Dr Lindsay questions whether The Psychologist is the place for such disclosures, and suggests a ‘personal confessions website’ as an alternative. Given that the British Psychological Society is a learned body, this does raise questions about the remit of The Psychologist, and whether a letters page necessarily needs to be an evidence-based, scientific forum. A ‘confessions website’ would, in our opinion, serve as an echo-chamber where little change would occur. Balancing the needs of clinical psychology as a profession with the needs of the 50,000+ people who receive The Psychologist magazine is, perhaps, an ongoing debate with no clear answers.

Dr Sarah Blackshaw
@academiablues
Dr Masuma Rahim
@MasumaRahim
Dr Che Rosebert
@CheRosebert

References
Poal, P. & Weisz, J.R. (1989). Therapists’ own childhood problems as predictors of their effectiveness in child psychotherapy. Journal of Child Clinical Psychology, 18(3), 202–205.

 

I am writing in response to the letter, ‘Mental health revelations: Enough is enough?’ (February 2017), in which the writer comments on the ongoing discussions in the pages of The Psychologist on the importance of healthcare psychologists being open about their psychological situation. This exchange has been gathering momentum over the past several months and the openness with which a number of psychologists have described their experiences, and how they draw on them in their work, has received near universal appreciation and acclaim.

Sadly, the writer appears entirely to have missed the point in a letter, which is not only ill-informed but which could also, tragically, be perceived to be extremely stigmatising.
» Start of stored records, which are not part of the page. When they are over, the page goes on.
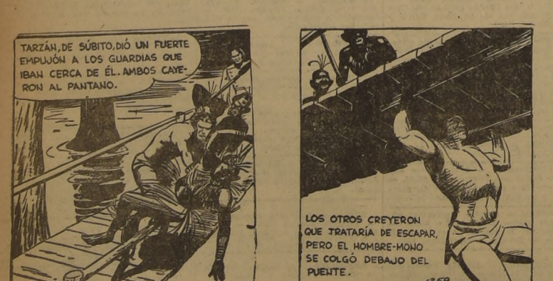
LOS OTROS CREYERON QUE TRATARIA DE ESCAPAR, PERO EL HOMBRE-MONO SE COLGO DEBAJO DEL PUENTE.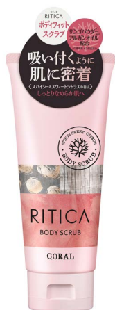
RITICA ボディフィットスクラブ コーラル 120g/1,500円(税抜) 2019年11月1日発売

自然の恵みのスクラブで肌を磨き上げるボディススクラブと ふんわりとろけるハンド&ボディクリームで、リフレッシュ&リラックス♪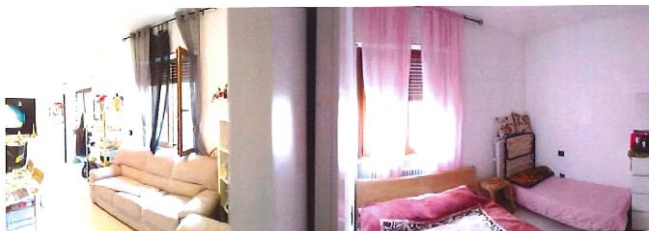
Immagine. 6. Vista panoramica soggiorno (sinistra) e camera (destra).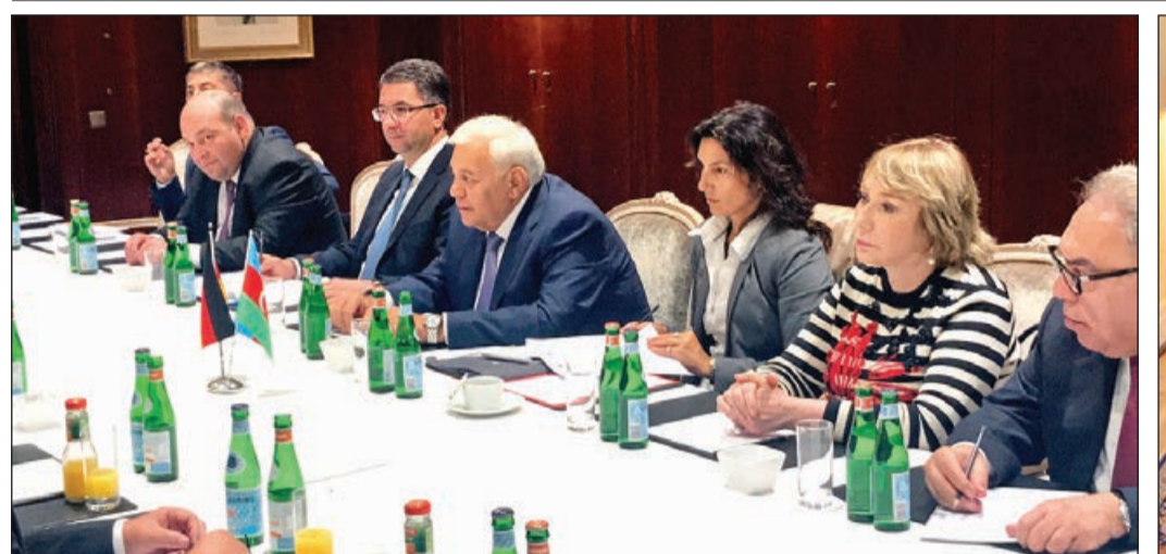
Əvvəli 1-ci səh.

Bundestaqda keçirilmiş görüşdə, həmçinin Bakı və Berlin şəhərləri arasında əməkdaşlıq imkanları müzakirə edilmiş, paytaxt şəhərləri arasında turizm, təhsil, vətəndaş cəmiyyəti əlaqələrinin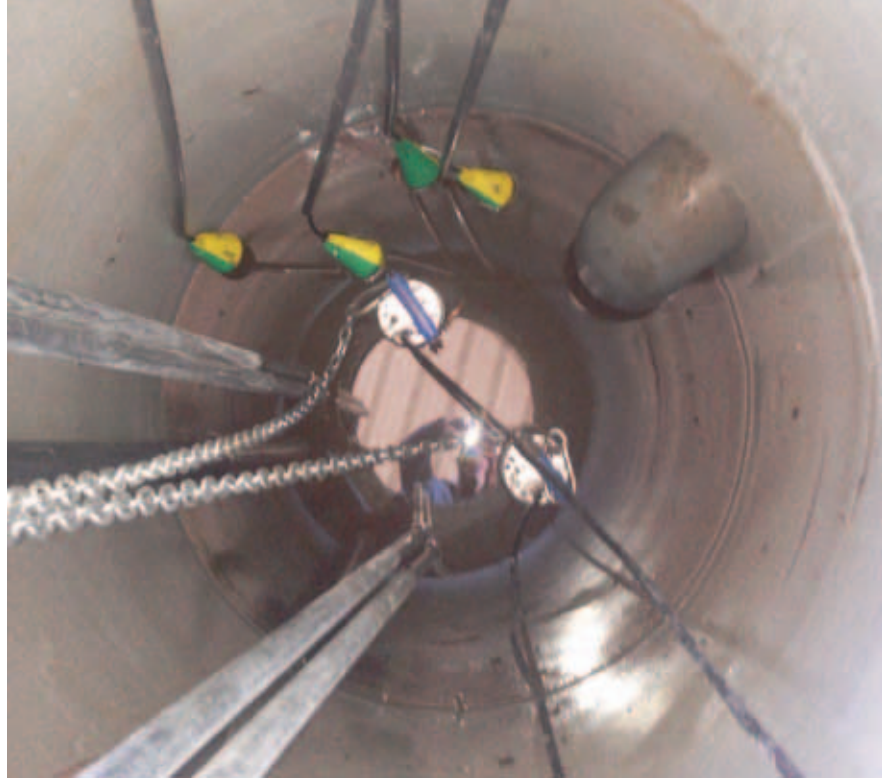
Instalación de Bombas de extracción en Planta Enagás en Almodóvar del Río (Sevilla)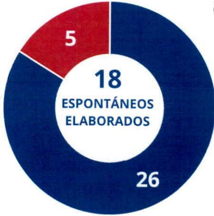
CANTIDAD DE PERSONAS DENTRO DE INFORMES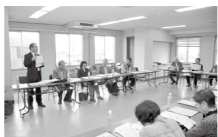
▲ジェネリック医薬品の出前講座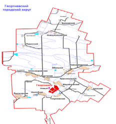
Рисунок 1 - географическое положение Георгиевского городского округа Ставропольского края

Георгиевский городской округ расположен в юго-западной части России на юге Ставропольского края и территориально принадлежит эколого-курортному региону федерального значения - Кавказские Минеральные Воды.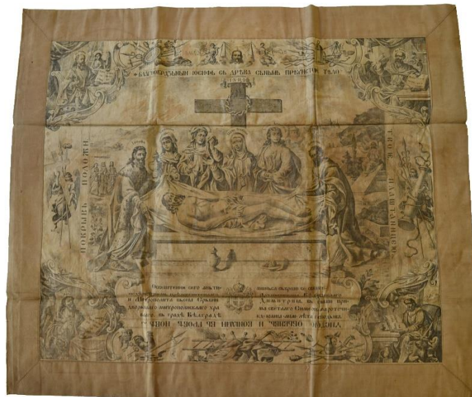
7. Антиминс штампан према предлошку Георга Николаја и Анастаса Јовановића освећан од стране митрополита Димитрија у Београду 1911. године. 7. Antimension based on the model of Georg Nikolaj and Anastas Jovanović, consecrated by Metropolitan Dimitrije in Belgrade in 1911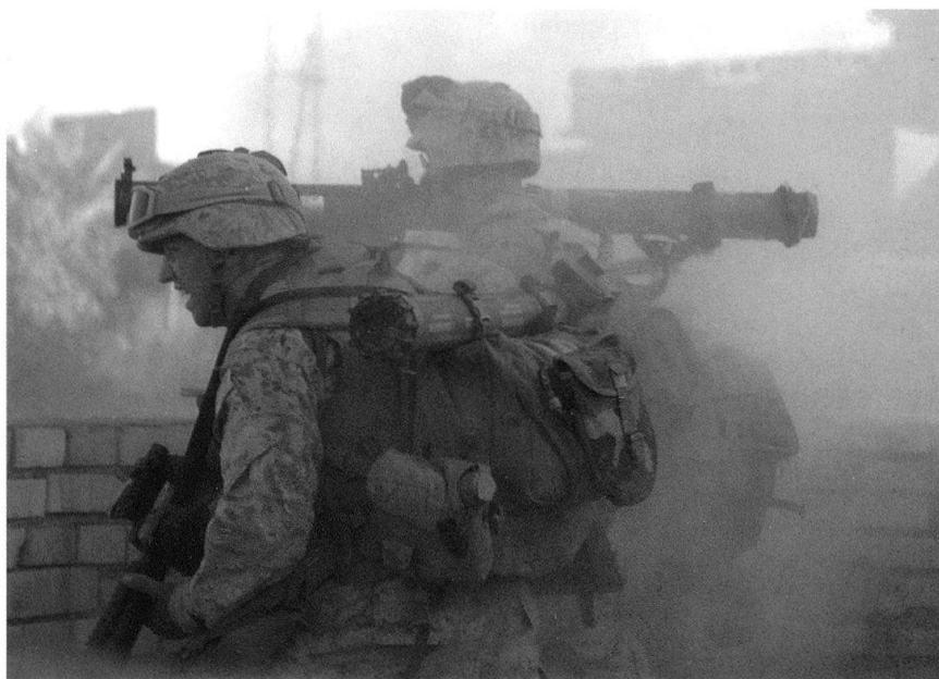
Soldats américains à l'engagement.

■ La formation du soldat américain, sa culture, qui se retrouve dans le code du soldat : «Je suis un guerrier et membre d'une équipe; je sers le peuple des Etats-Unis et vis selon les valeurs de l'armée. [...] Je me tiens prêt à me déployer, à engager [l'adversaire] et à détruire les ennemis des Etats-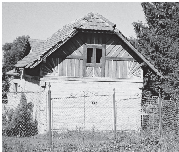
Barchov čp. 28, špýchar z r. 1803 s druhotným krovem a úpravou štítu z 1. čtvrtiny 20. století. V popředí plot z téže doby. Stav 2003.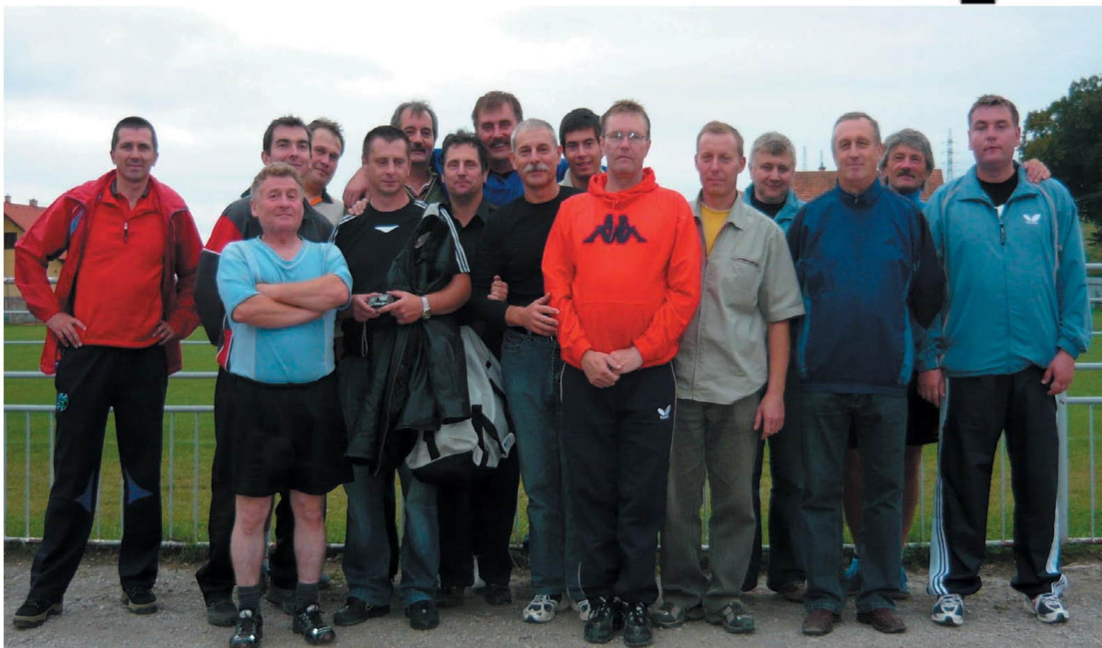
Partia tenistov v Harichovciach.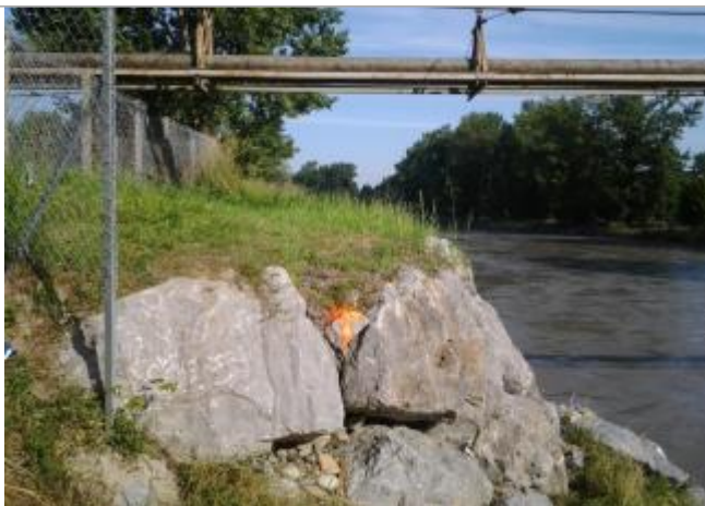
Vue du repère (la trace orange représente le niveau atteint par les eaux)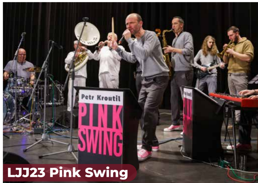
LJJ23 Pink Swing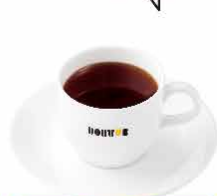
ブレンドコーヒー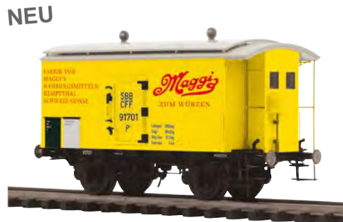
120 90941 0 Privater Kühlwagen P d Ausführung Maggi, Cham. Epoche II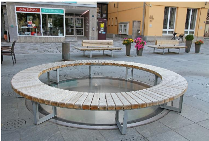
Abbildung 9 Die neuen Bänke rund um den Brunnen fügen sich gut in die Umgebung ein.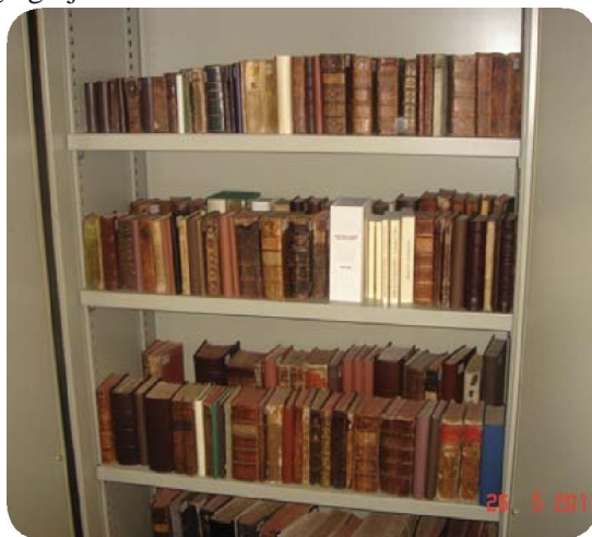
Trezor sa starim i rijetkim knjigama

Knjižnica ima tri inkunabule iz 15. stoljeća te 34 primjerka knjiga iz 16. stoljeća. Knjige su tiskane u Italiji, Austriji, Njemačkoj, Francuskoj i Češkoj (današnje zemlje), te su tiskana na jezicima pojedinih naroda, pa tako ima na našem hrvatskom jeziku glagoljskim slovima. 11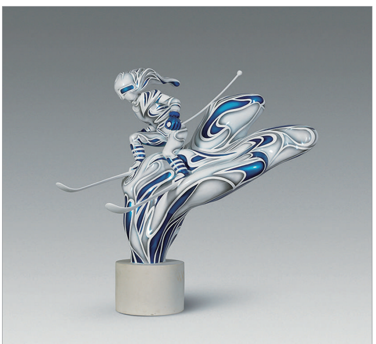
飞起玉龙三百万, 搅得周天寒彻 (雕塑) 刘政 作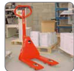
Verkrijgbaar in verschillende vorklengtes.

Wij bieden eveneens op maat gemaakte oplossingen. Vraag meer informatie, of bezoek www.logitrans.com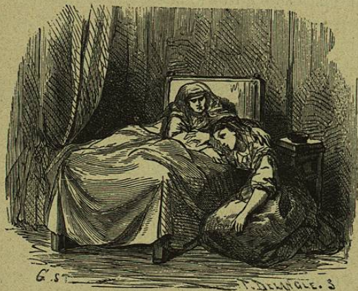
Lucía se dejó caer al lado de su cama.

— En caridad, Lorenzo, en caridad de Dios, acaba de una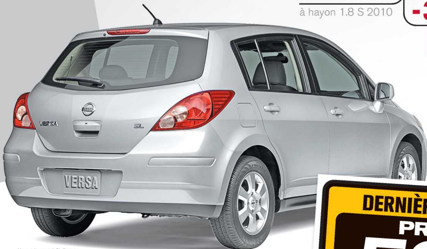
Versa à hayon 1.8 SL illustrée

PLUS QUE JAMAIS UNE NISSAN C'EST LE TEMPS DE CHOISIR 2010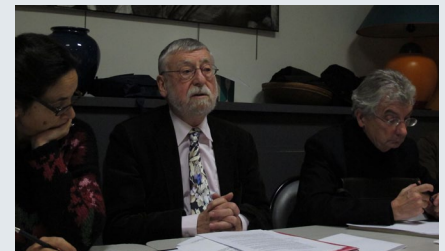
Le bureau de l'APCP lors de l'AG du 11 décembre.

A cet égard, la prise de position du Bureau national du Parti socialiste au printemps en faveur de cette création, l'acquiescement des autres formations politiques (constaté notamment lors du colloque du 13 juin à la Sorbonne), puis la décision prise par la ministre de la culture et de la communication en novembre de confier une mission d'expertise sur le sujet... autant d'avancées qui ont fait de 2013 une « année politique ».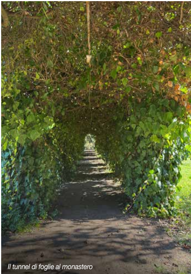
Il tunnel di foglie al monastero

Quale patrimonio ci ha lasciato il Meeting? Mi ritrovo con un profondo interrogativo. Mi chiedo quale influsso stia esercitando su di me la presenza del luogo nelle convinzioni, nelle attività, nella storia, nelle speranze future, nelle persone che si sono trovate tra queste mura, persone con tutti i loro punti di forza e di debolezza. Sento che c'è un'energia combinata intessuta nella struttura di tutti gli anni di pratica e insegnamento svolti in questo luogo. Un'energia collettiva d'amore che attraversa tutte le persone di Alle Fonti. Ognuno emana le proprie energie personali e uniche che si uniscono per essere più della somma delle singole parti. È un potere umano collettivo di energia amorevole che è radicato in tutti gli aspetti del Meeting. Mi rimane un senso di appartenenza, un senso di essere chiamata a un compito, a un lavoro da svolgere, a poter fare la mia parte.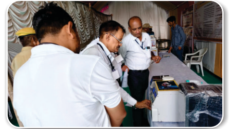
तरनेतर मेले के दौरान रील उत्पाद का प्रदर्शन

कंपनी ने 06.09.2024 से 08.09.2024 के दौरान थानगढ़, जिला:-सुरेन्द्रनगर में आयोजित तरनेतर मेले में भाग लिया, जिसका आयोजन पशुपालन विभाग, गांधीनगर द्वारा किया गया था। तरनेतर मेले के दौरान कंपनी के उत्पाद का ग्रामीण समाज के समक्ष सफलतापूर्वक प्रदर्शन किया गया।

The disclosure of psychological history in the letters to which the writer refers is nothing whatsoever to do with catharsis. Rather, its purpose is to demonstrate that whilst psychological distress may be both disturbing and painful, it can, as with most other conditions, be treated, lived with and overcome, and that most of those so affected can go on to have productive and full careers. As such, it is a much-needed challenge to the widespread prejudice in society, and to the belief held by many, including sadly some of those personally affected, that psychological distress only affects the ‘vulnerable’ and is something to be ashamed of. This message needs to be promulgated loudly, robustly and widely until such time as psychological distress is viewed in exactly the same way as any other type of distress, where there is no stigma attached to revealing a psychological history, and where a person’s psychological history does not de facto affect that person’s training, recruitment, selection, preferment and advancement, either in the profession of psychology or elsewhere.

The experience of psychological distress, and the accompanying experience of ‘occupying the other chair’ as client or patient, are also extremely valuable ones, and ones that should never be trivialised or minimised. They can be a rich source of knowledge and empathy in the delicate human undertaking that is psychological practice; indeed, the latter is compulsory in some branches of applied psychology.

It is clearly apparent that the writer is at least partially conversant with mythological literature. Hence it should come as no surprise to him whatsoever that the reversal of cultural stigma and its effects on society (financial, moral, social and, of course, psychological) is, has been, and will continue to be, for the immediate future at least, a Herculean task. Hence it is that so many of us are engaged, in many complementary ways, in seeking to reverse it and its effects.

And it is for this reason that it is more important than ever to state that, despite the apparent irritation of the writer, the voices of which he complains will not be silenced, either within the pages of The Psychologist or anywhere else, until stigma is banished.

Professor Jamie Hacker Hughes CPsychol, FBPsS
London SE17

Smith, M. (2013). Anti-stigma campaigns: Time to change. British Journal of Psychiatry, 202(s55), s49–s50.

 

The Minorities in Clinical Psychology Pre Qualification Group welcomes the recent set of letters from psychologists talking about their lived experience of mental health issues. The clearing house figures states that 1 per cent of people applying to training disclose a mental health difficulty, yet recent research suggests that these figures are significantly higher.

With several of our members having completed the doctoral form and having faced the issue of whether or not to disclose and, if so, then choosing how much to share. We have found that the one thing that we all have in common is the sheer mix of information and advice we have received from those higher up the profession. This ranges from the supportive (e.g. it will be seen as an asset or a positive) to the cautious (e.g. maybe don’t go into detail or you are ‘brave’) to those actively opposed (e.g. do not rock the boat or maybe leave it till you are on training/when you are qualified). This mix of messages has left us feeling confused and wondering quite how big a risk we are taking by being open.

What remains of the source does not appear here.